Last week I attended the International Association of Tourism Economics’ biennial conference in Ljubjana Slovenia. I enjoyed it a lot and thought that it should be possible to share the love. Everyone knows what economists typically talk about at Macro, or Development, or Finance conferences, but what about Tourism Economics? What are the key questions that researchers are interested in? What are the methods that they are using? What follows is a quick and dirty typology of tourism economics research, drawing on the papers presented at the IATE conference 2013.
To me it seems that there are two very broad stands:
- The links between tourism and […]
- The links between […] and tourism
When I say links you can replace that with relationship, sometimes impact of/on and there are even some studies that try to claim causation.
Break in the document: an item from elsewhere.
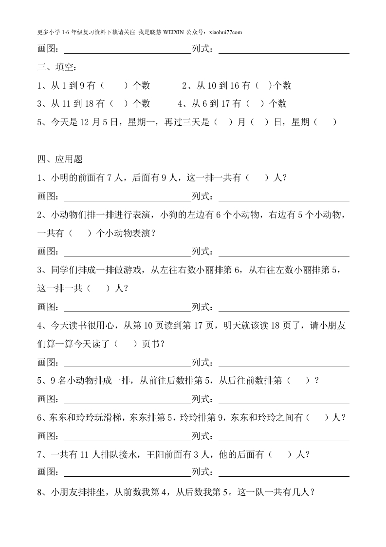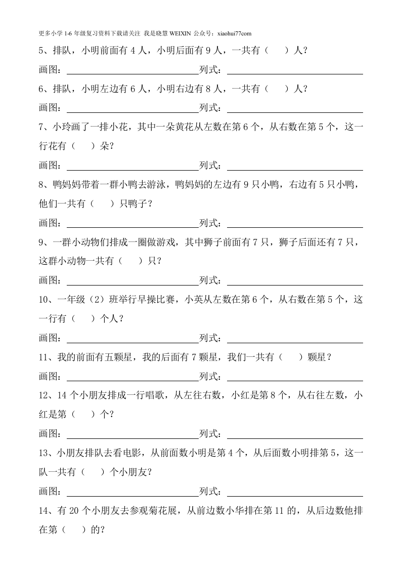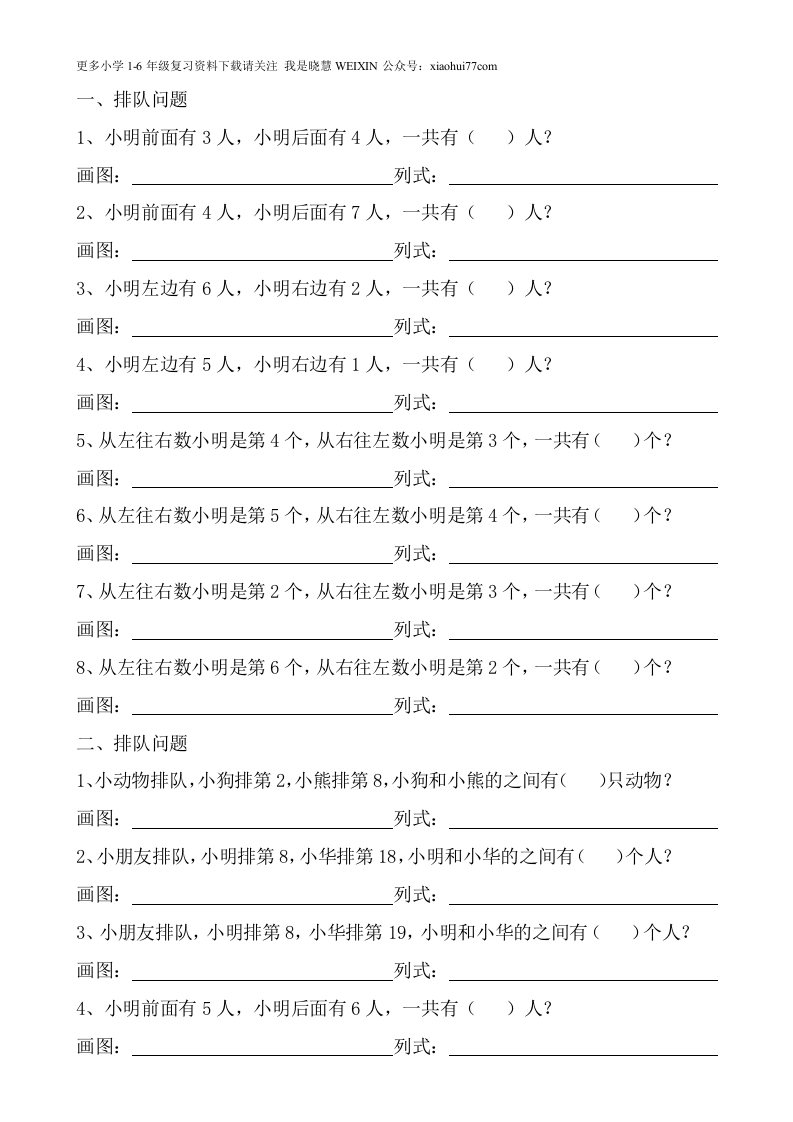更多小学16年级复习资料下载请关注我是晓慧VEIXIN公众号:xiaohui7?7com一、排队问题1、小明前面有3人,小明后面有4人,一共有()人?画图:列式:2、小明前面有4人,小明后面有7人,一共有()人?画图:列式:3、小明左边有6人,小明右边有2人,一共有()人?画图:列式:4、小明左边有5人,小明右边有1人,一共有()人?画图:列式:5、从左往右数小明是第4个,从右往左数小明是第3个,一共有()个?画图:列式:6、从左往右数小明是第5个,从右往左数小明是第4个,一共有()个?画图:列式:7、从左往右数小明是第2个,从右往左数小明是第3个,一共有()个?画图:列式:8、从左往右数小明是第6个,从右往左数小明是第2个,一共有()个?画图:列式:二、排队问题1、小动物排队,小狗排第2,小熊排第8,小狗和小熊的之间有()只动物?画图:列式:2、小朋友排队,小明排第8,小华排第18,小明和小华的之间有()个人?画图:列式:3、小朋友排队,小明排第8,小华排第19,小明和小华的之间有()个人?画图:列式:4、小明前面有5人,小明后面有6人,一共有()人?画图:列式:

On the links between tourism and […], you can fill in the blank with economic growth, economic development, poverty or inequality. The levels at which the relationships between tourism activities or the tourism sector and these other outcomes are studied, stretch from economy-wide, to regional, to local attractions and events. The methods by which these relationships are studied can be split into simulation models and econometric models.
The simulation models are typically SAM and CGE models that estimate the impact of increases or decreases in tourism arrivals on national, regional or local economies, as well as the welfare effects. The researchers link tourism satellite accounts to national-level SAMs and you find GAMS and GEMPACK users. The recommendations are aimed at industry and policymakers and what they can do to limit leakages of tourism expenditure and deal with negative welfare effects. There were a few of these papers at the conference with some interesting results. They showed that an increase in tourism activity, or growth of the tourism sector, can have adverse effects. In some cases it can be a cause of Dutch disease. In others it ends up benefiting mainly capital and skilled labour.
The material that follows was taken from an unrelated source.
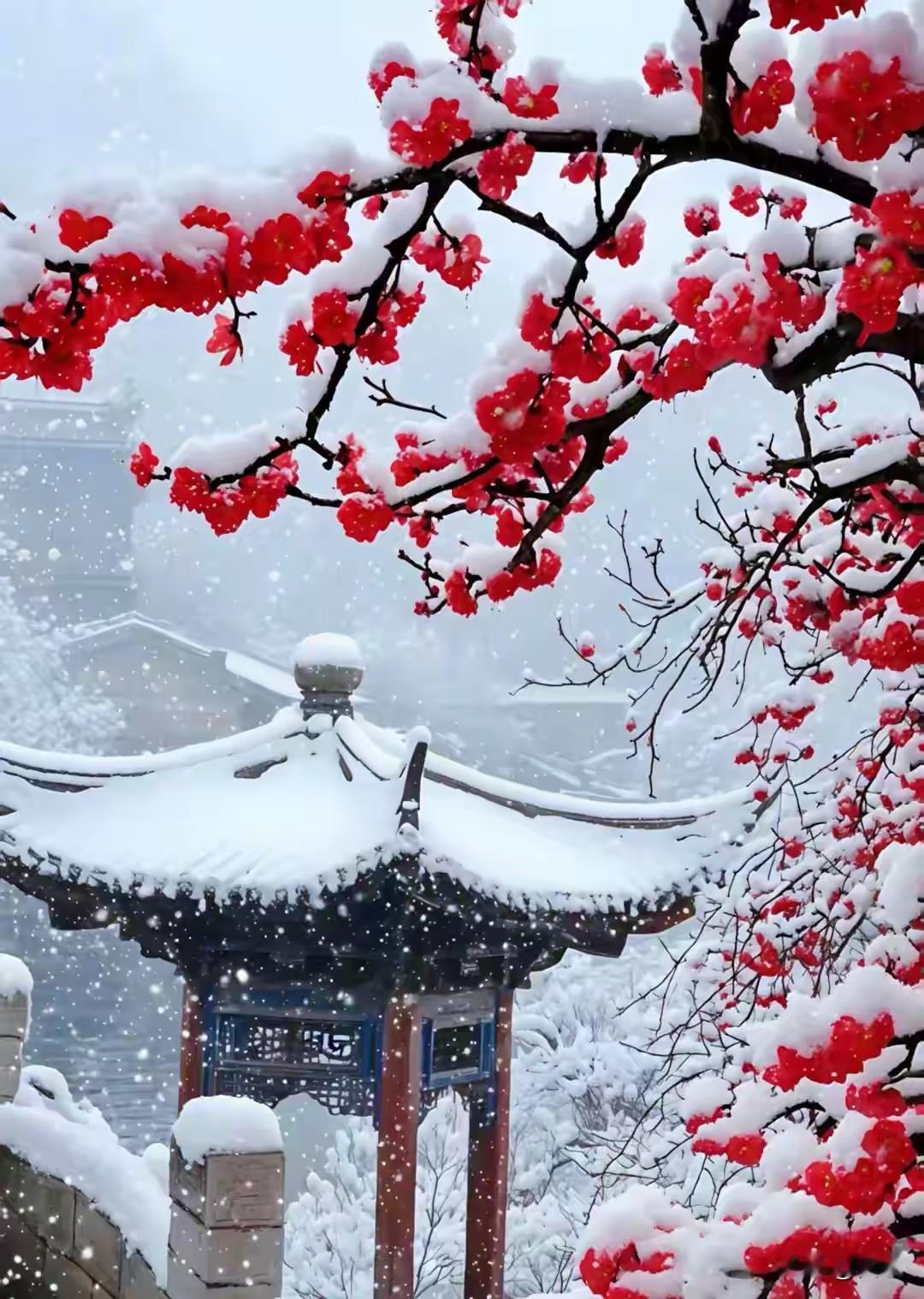 上联:飘飘瑞雪呈佳景 下联:点点红梅映华堂 横批:瑞气盈门

The econometric models used to examine the relationships between tourism and other outcomes are typically applied at the national level. Tourism arrivals or tourism expenditure is one of the independent variables explaining the variation in some or other macro variable. You find time series, cross-country and panel data analysis. The time series approaches employ Granger causality, VARs and VECMs and the cross-sections and panels sometimes use a gravity specification with bilateral tourist flows.
On the links between […] and tourism you can fill in the blank with different factors that may influence tourism demand = arrivals / expenditure. The motivation for this line of work is often market segmentation and marketing. I think that here it is possible to distinguish between macro and micro approaches. At the macro level researchers look, for example, at the importance of exchange rates. Some focus on forecasting tourism demand and estimating income and price elasticities. This where you find the use of panel VARs and sophisticated time-series forecasting techniques. At the micro level researchers tend to use primary data collected with surveys, asking tourists about their preferences, motivation or experience and linking that to their travel behaviour or spending. The methods include factor or cluster analysis of survey data and then regression models linking the type of tourist to certain spending patterns. Since the data is often not normally distributed, you find people using quite sophisticated estimators. Here the return visitor is the Holy Grail for industry and policymakers.
Finally, there is a subset of this second strand of work that focusses on competitiveness. At a country-level, or regional destination-level this about issues such as exchange rates, taxes or national carriers and how these influence the competitiveness of the tourism industry vis a vis other countries or destinations. At the level of attractions, hotels (and even individual ski-lifts), this is about firm-level studies of efficiency and innovation, often using data envelopment and stochastic frontier analysis.
The one thing that I did not hear at the conference (compared to what you run into at regular economics conferences) is the great obsession with causation and the consequent use of panels, natural experiments or RCTs to try show causation.
But then I would love to hear from a few more researchers and whether they agree with this typology. Are there other ways of sorting the major questions? Prof Andrea Saayman recommends a demand and supply side view. Are there methods that I have missed? Do tourism economists care more about relationships and less about causation? But then the point is, you can keep writing boring papers about inflation targeting or you can come over to the fun side and study tourism economics.